И все же не надо забывать, сколько нам отпущено судьбой прекрасного. Субботы ждут со сладостно ужасным замиранием сердца! Суббота — это день особый.
С самого утра все не так. Зарядки нет. Курсант выносит во двор постельные принадлежности, чтобы выколотить из них пыль и казарменный дух. За завтраком он одной рукой жует булку с маслом, а другой рукой драит о бедро латунную бляху поясного ремня. Если надраивать ее так с утра и до ужина, бляха станет золотой.
Начинаются занятия, и приободрившийся двоечник жалобным стоном молит преподавателя спросить его, убедиться в отличном знании предмета и исправить оценку. Преподаватель не выдерживает источаемого глазами двоечника отчаяния и спрашивает что попроще. В руке двоечника возникает раскрытый на нужной странице классный журнал. В руке преподавателя из воздуха возникает авторучка. Вздрогнув, преподаватель ставит утешительный балл…
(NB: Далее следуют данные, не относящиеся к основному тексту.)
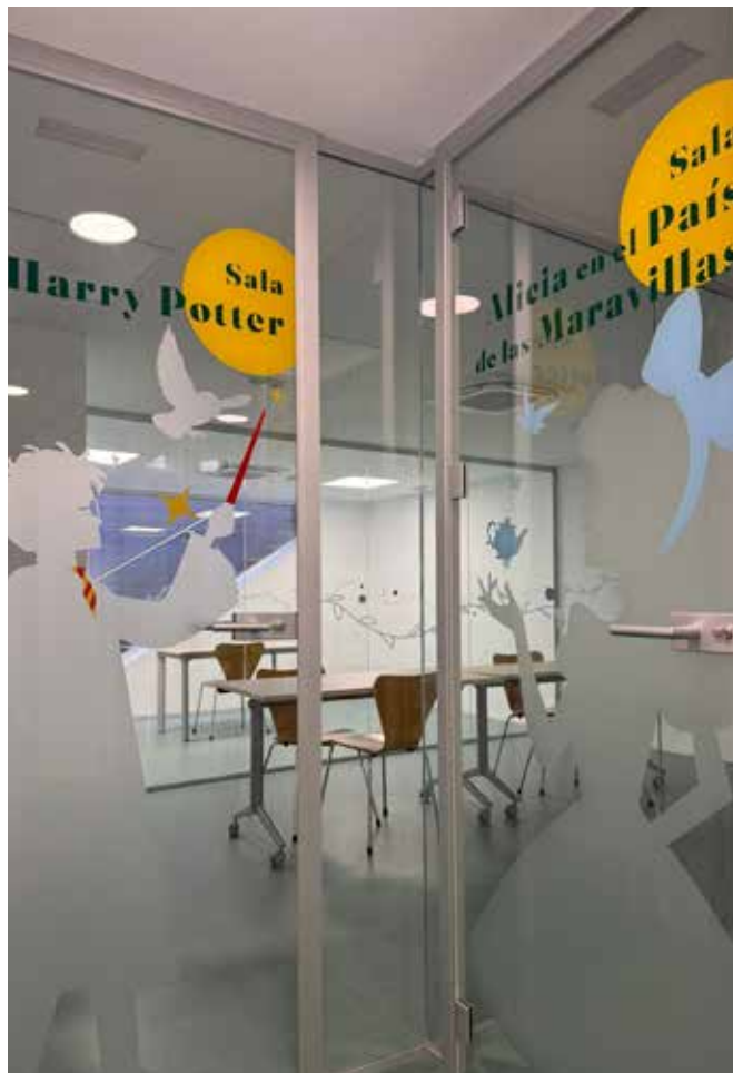
▲ Una de las nuevas salas en el sótano de la Biblioteca

Uno de los grandes avances ha sido la creación de la nueva Sala de Estudio junto a la Biblioteca Municipal, un espacio muy esperado por los estudiantes de Bachillerato, FP y Universidad que ya cuentan con un lugar adaptado para preparar sus exámenes en un entorno adecuado. A ello se suma la reforma integral del sótano de la Biblioteca , que tras una inversión de más de 230.000 euros ofrece ahora un moderno salón de actos y cuatro salas polivalentes donde tienen cabida actividades culturales de todo tipo.

В субботу все такие усердные, исполнительные и дисциплинированные, такие трудолюбивые и добросовестные, что старшины смотрят на подчиненных увлажненным взглядом, начинают сомневаться в необходимости мер принуждения и приказания отдают тоном почти отеческим.
— Охотин, милейший, подойди-ка, — позвал мичман Сбоков, когда кончились занятия и дежурный по роте просвистел большую приборку. — Будь любезен подраить гальюн на третьем этаже. Вчера ты устал, коридор натирать тебе будет трудно.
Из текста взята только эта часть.